Abstract:In medical imaging, 4D MRI enables dynamic 3D visualization, yet the trade-off between spatial and temporal resolution requires prolonged scan time that can compromise temporal fidelity--especially during rapid, large-amplitude motion. Traditional approaches typically rely on registration-based interpolation to generate intermediate frames. However, these methods struggle with large deformations, resulting in misregistration, artifacts, and diminished spatial consistency. To address these challenges, we propose TSSC-Net, a novel framework that generates intermediate frames while preserving spatial consistency.
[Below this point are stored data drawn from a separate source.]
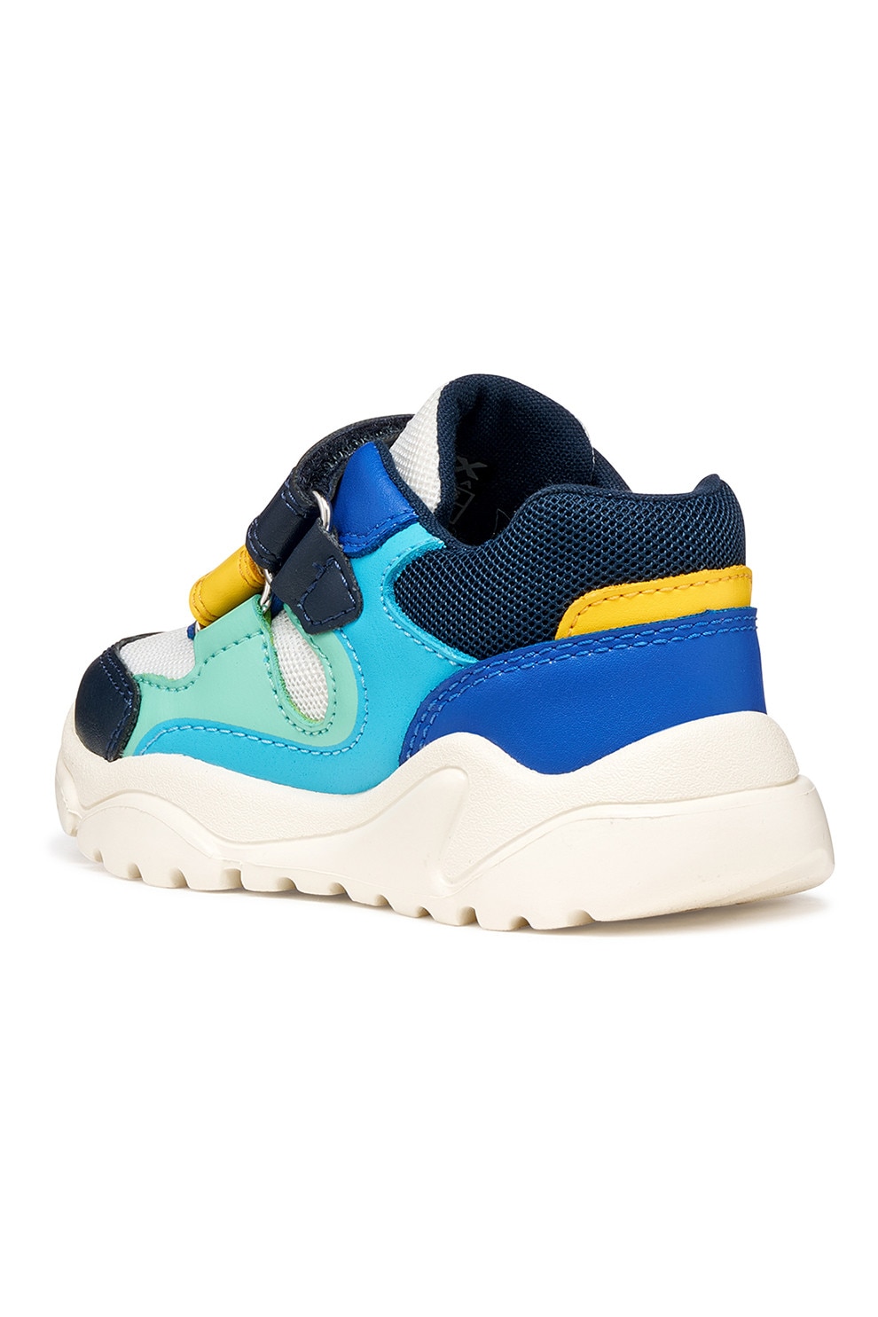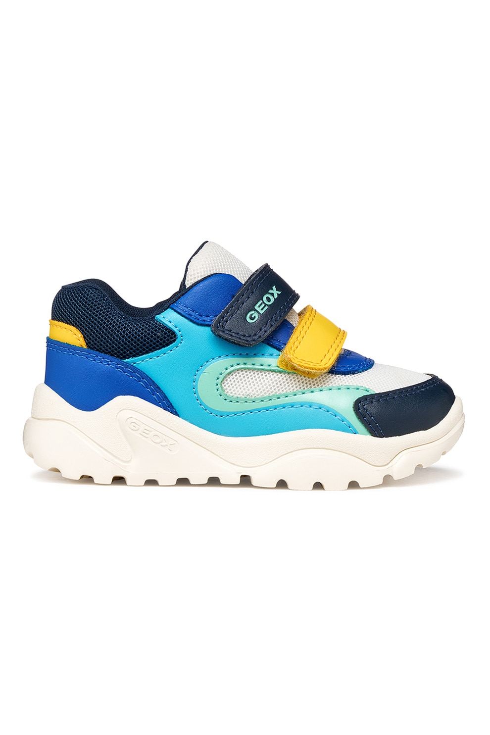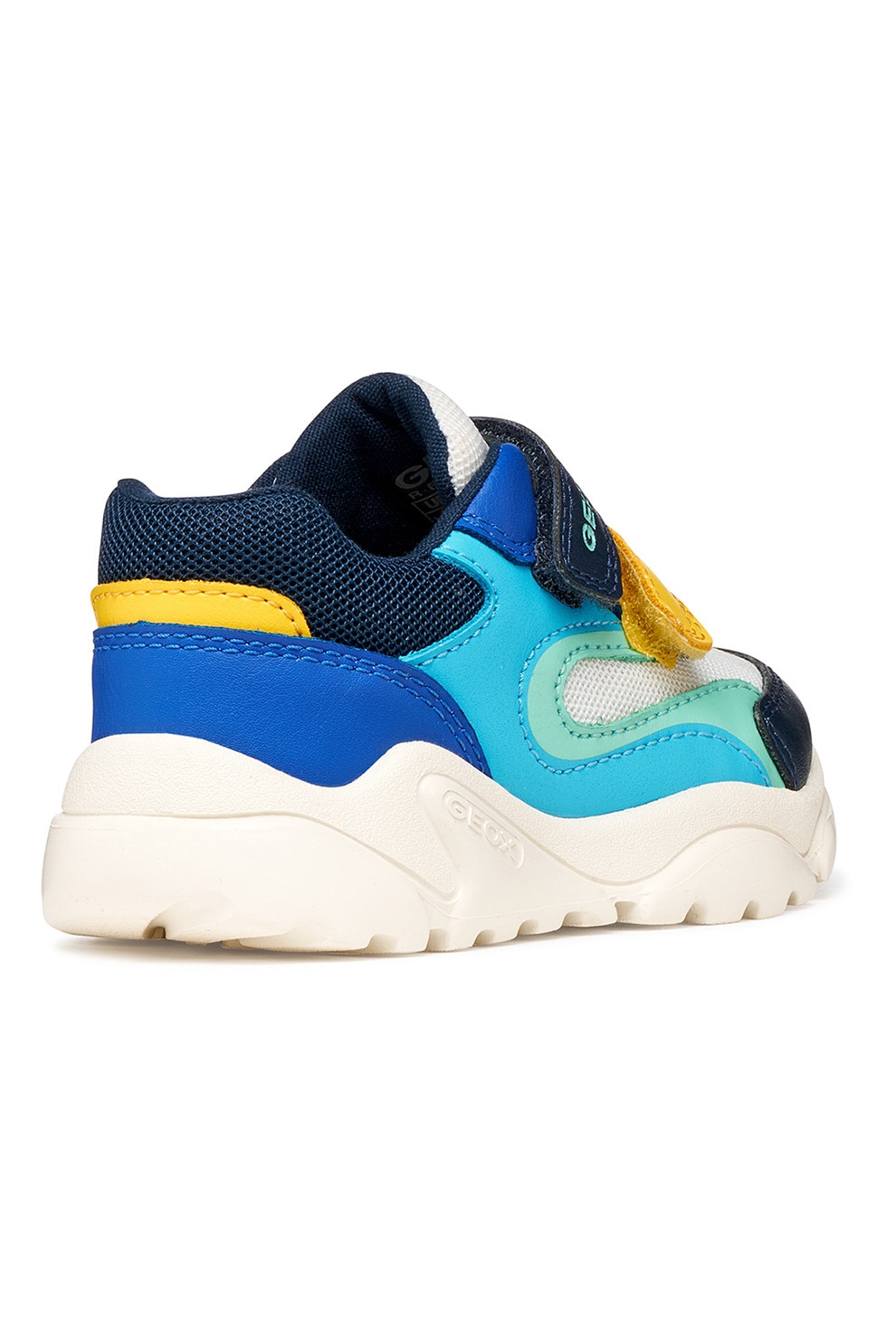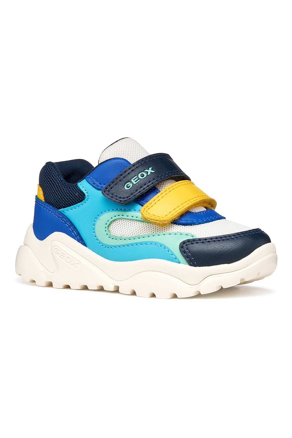 Geox - Маратонки Ciufciuf с мрежа, еко кожа и велкро, Бял/Тъмносин/Ментово зелено
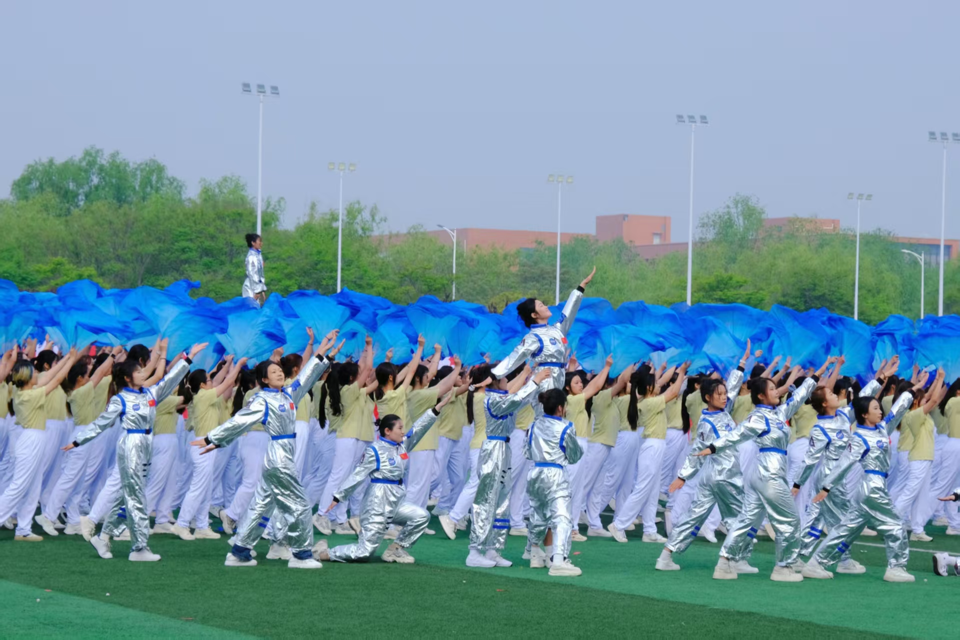 节目展示环节,航模表演率先登场,河南省重竞技航空运动中心航空模型项目团队先后带来线操纵特技飞行、固定翼四机空战、手操遥控滑翔机飞行、直升机遥控花式特技飞行等表演,航模腾空而起,在体育场上空盘旋、俯冲、翻转、追逐,一组组高难度操作干净利落,惊艳全场。多旋翼无人机将“运动激扬青春,奋斗成就梦想”的条幅高高悬起,随风展开,在蓝天映衬下格外醒目。千余名手持彩旗的同学随即奔向操场中央,彩旗翻飞,队列变化,定格为“空天ZUA”字样与一架蓄势起飞的飞机造型。随着场上曲风转换,华尔兹集体舞蹈登场,红裙飞扬,舞步轻盈,为赛场添了几分柔美。压轴的是舞扇团体表演,300名学生挥动蓝色舞扇,扇面开合,层层铺展,如云海翻涌,喝彩声与鼓点声交织,看台上掌声与呐喊声久久不息。
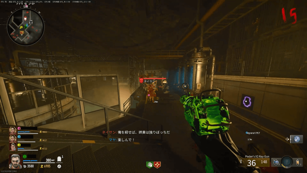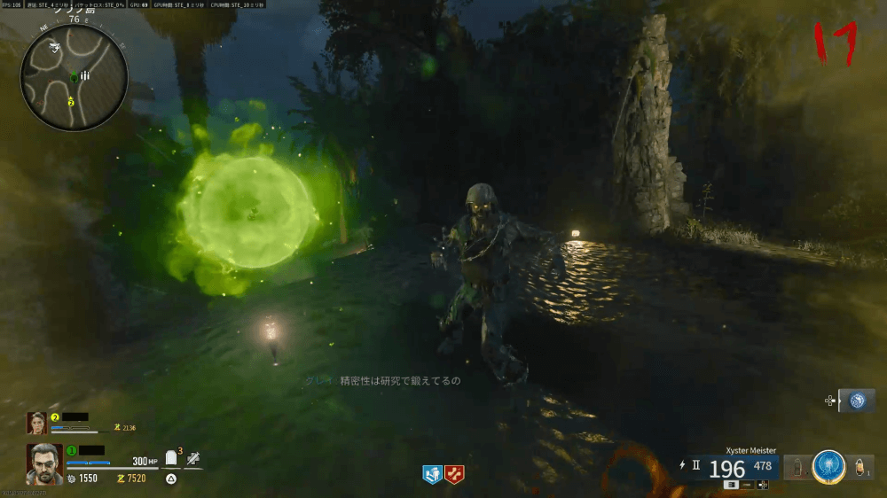エーテルキャニスターをエーテルトラップ付近にセットしたら、北東の雷が落ちている場所にLTGを置こう。LTGを置くと、墓地同様ポータル完全性のゲージと残り時間が表示され、大量のゾンビが襲ってくる。守り切るとエリートゾンビが出現するため、余力を残して処理すると良い。
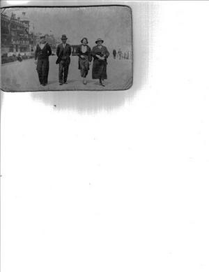 This is a photograph of my parents, Robert and Maud Beesley, together with my sister, Rose and a shipmate of mine that was in the Navy, Walter Brewer. It was taken walking along the front at Weymouth. The date of the photograph is September 1937
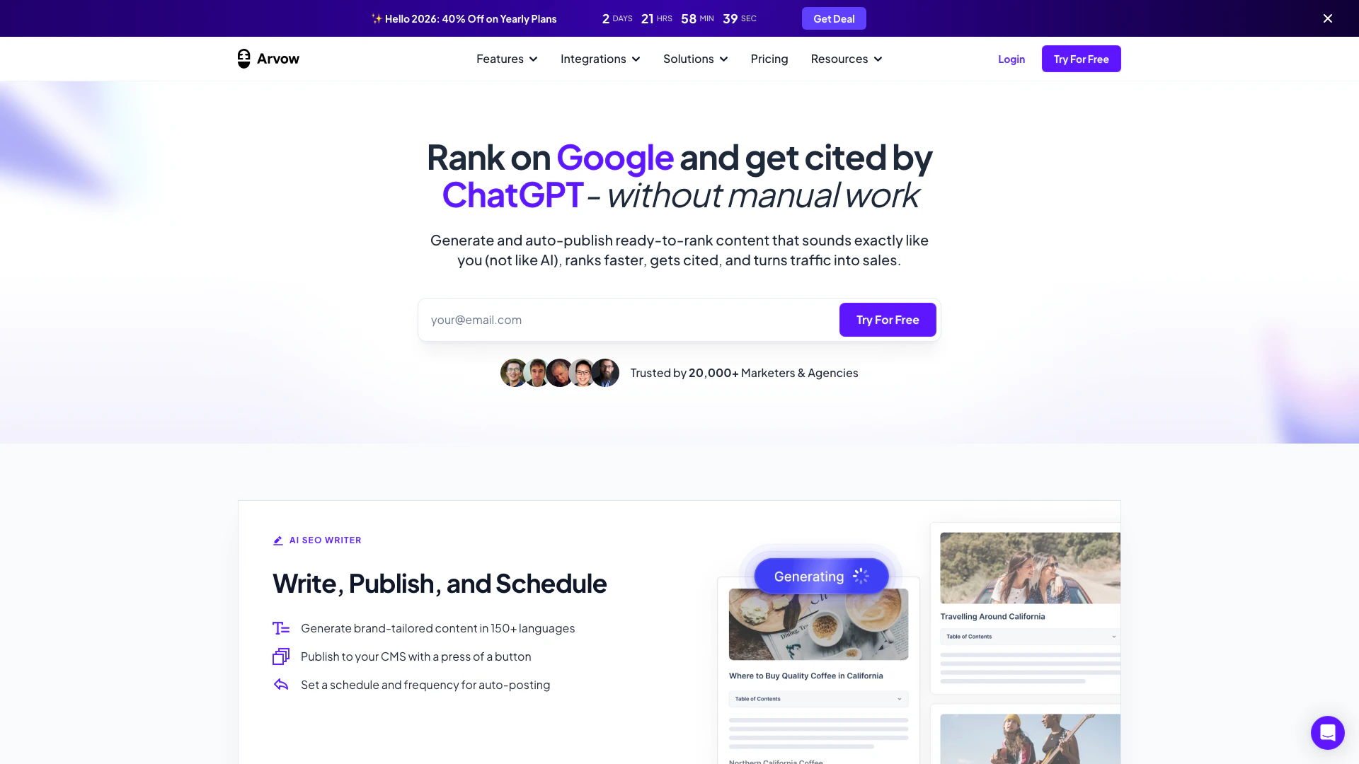1.000 tín dụng mỗi tháng Blog tự động không giới hạn Tối ưu hóa trang web Liên kết nội bộ và bên ngoài Kết nối với Web Tất cả các tích hợp Hơn 150 ngôn ngữ được hỗ trợ Hình ảnh nổi bật và trong bài viết Video Youtube Nghiên cứu từ khóa tự động
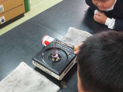 硬そうに見える金属も熱すると体積が増えるかを実験しています。
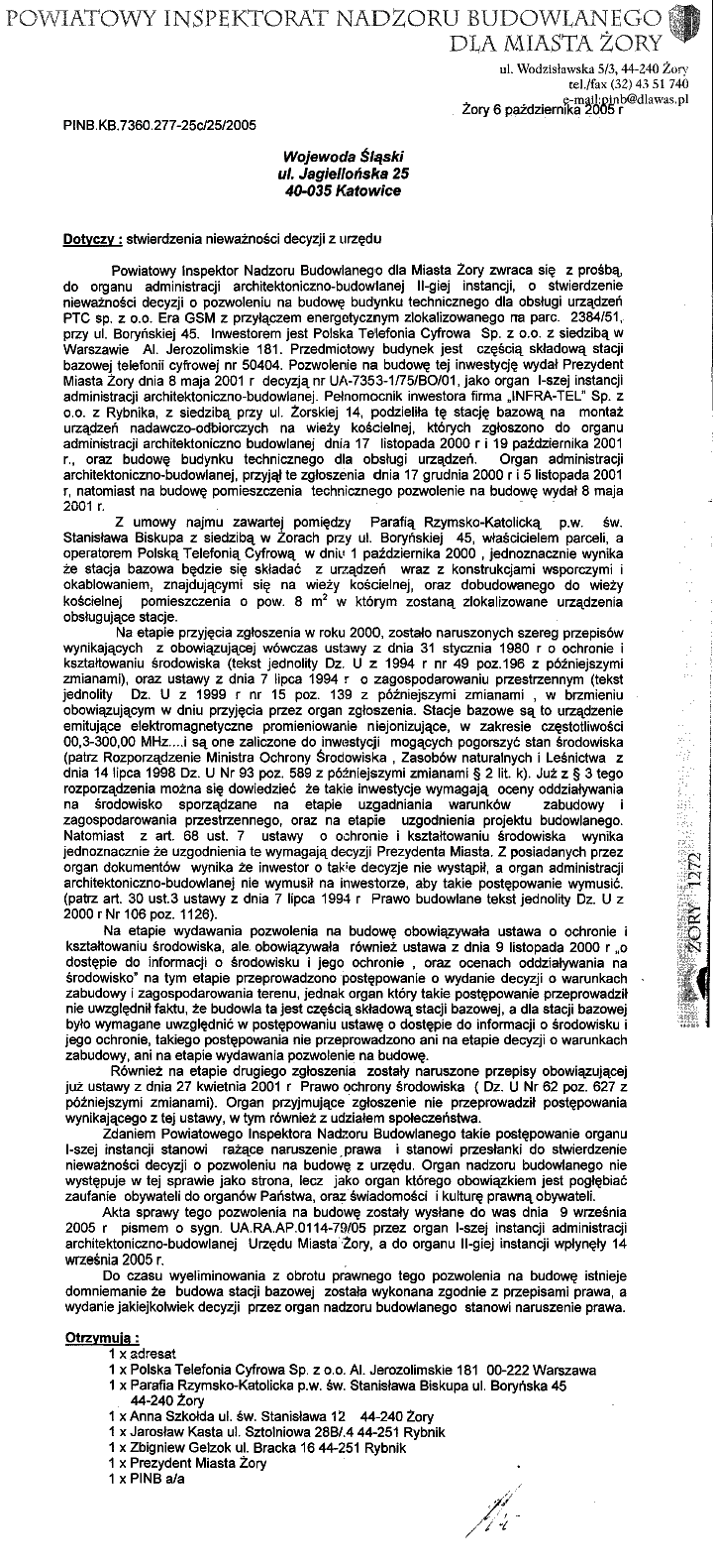 ![]() 07 Oct 2005 Pozdrawiam Zbigniew Gelzok. Powiatowy Inspektor Nadzoru Budowlanego dla Miasta Żory, do Wojewody Śląskiego (.pdf, 168,8 KB) |
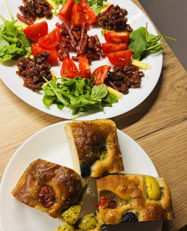 Táto fotka vznikla už v prvú sobotnú hodinu 🙈 Neskorý snack pre mňa a Zuzi, ktorá sa vracia z Bratislavy 🫶 Ale bolo to mňam 👌 Potom dlllhý spánok - aj my aj Hugi 😻 A lenivá sobota 🤗 Kreslím 🙌 Prinesiem uhorky k obedu 😊 Prejdem sa 👍 Fotohrátky 😍 Večerný pohľad z okna na západ, lebo je krásny 🍀 Huginko ❤️ A nočné snehové prekvapenie 🥰
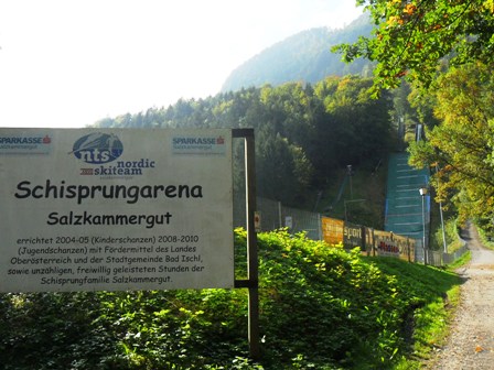 Nach einer kleinen + einer großen Schlaufe durch Bad Ischl machen wir uns auf den Weg, vorbei an der Ski-Schanze...
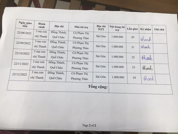 22-12-2022, Hội Hoa Đức đã giao số tiền lần 24 là 1.000.000 VNĐ của Cô Phạm Thị Phương Thảo tài trợ cho Gia đình Chị Thanh ở Đồng Thành, Quế Châu, Quế Sơn, Quảng Nam.
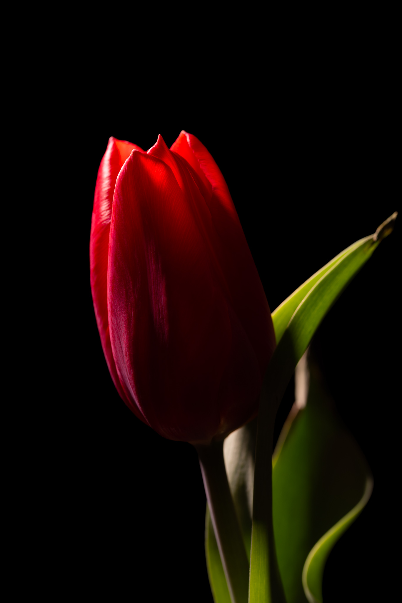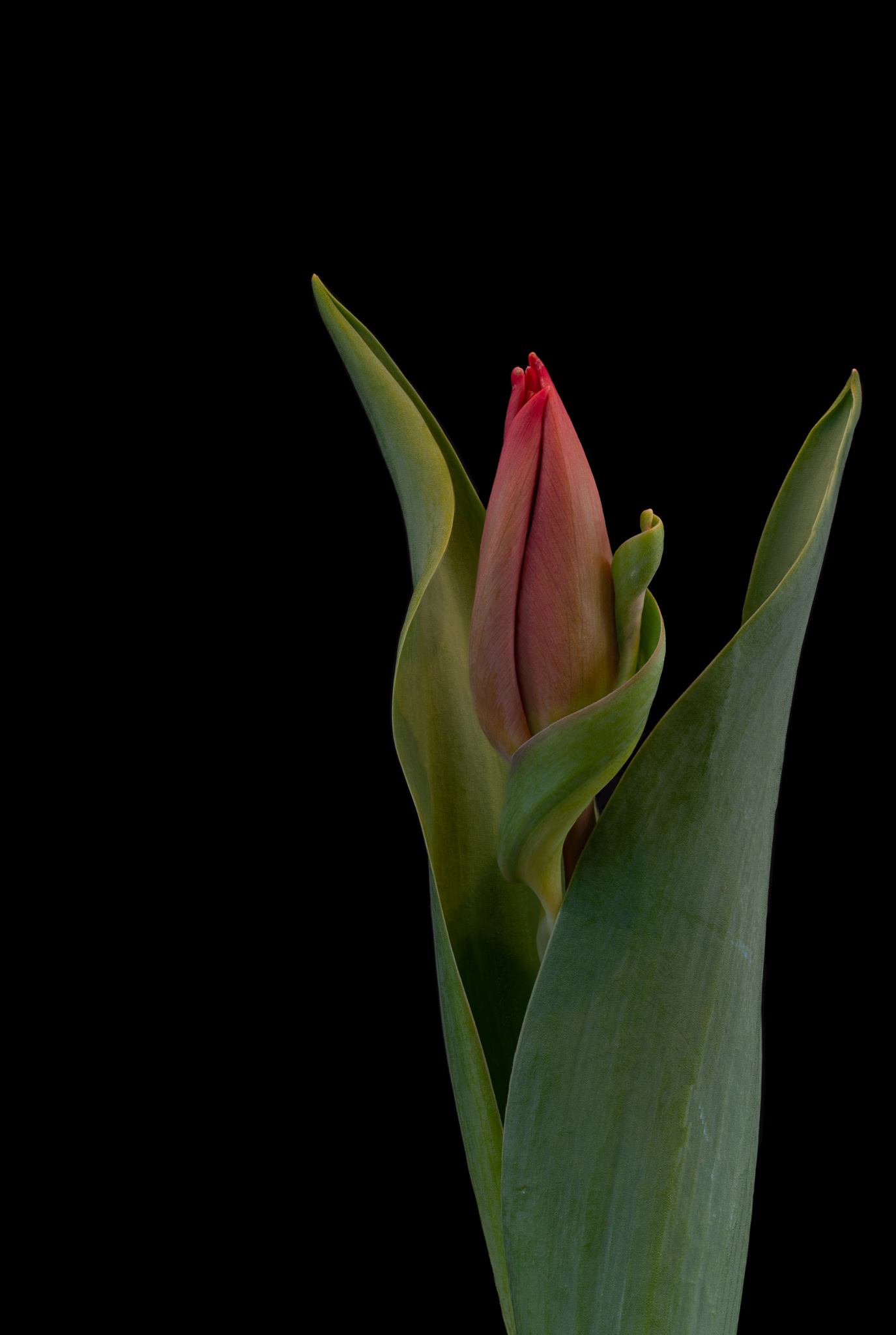 I really like the image in general, even the single one. The tulip is nice and large and the curvy edge of the bottom leaf leads in to the background. The lighting worked out really well, providing a bit of backlight, highlights on the leaves, and soft shadows on the other side of the flower. It’s done in the studio but has the natural look of the sun. Stacking manually wasn’t as much work as correcting Photoshop’s mistakes would have been
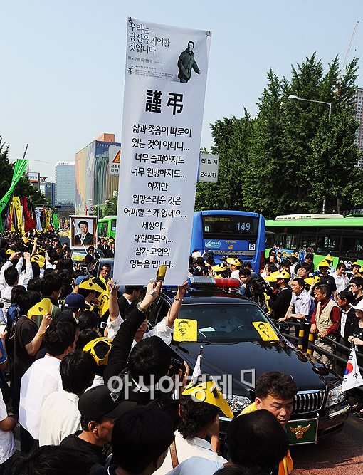 [아시아경제신문 이기범 기자]고 노무현 전 대통령의 운구차량이 29일 오후 서울역을 통과, 추모객들의 발걸음이 끊임없이 이어지고 있다.

To improve temporal fidelity under fast motion, our diffusion-based temporal super-resolution network generates intermediate frames using the start and end frames as key references, achieving 6x temporal super-resolution in a single inference step. Additionally, we introduce a novel tri-directional Mamba-based module that leverages long-range contextual information to effectively resolve spatial inconsistencies arising from cross-slice misalignment, thereby enhancing volumetric coherence and correcting cross-slice errors. Extensive experiments were performed on the public ACDC cardiac MRI dataset and a real-world dynamic 4D knee joint dataset. The results demonstrate that TSSC-Net can generate high-resolution dynamic MRI from fast-motion data while preserving structural fidelity and spatial consistency.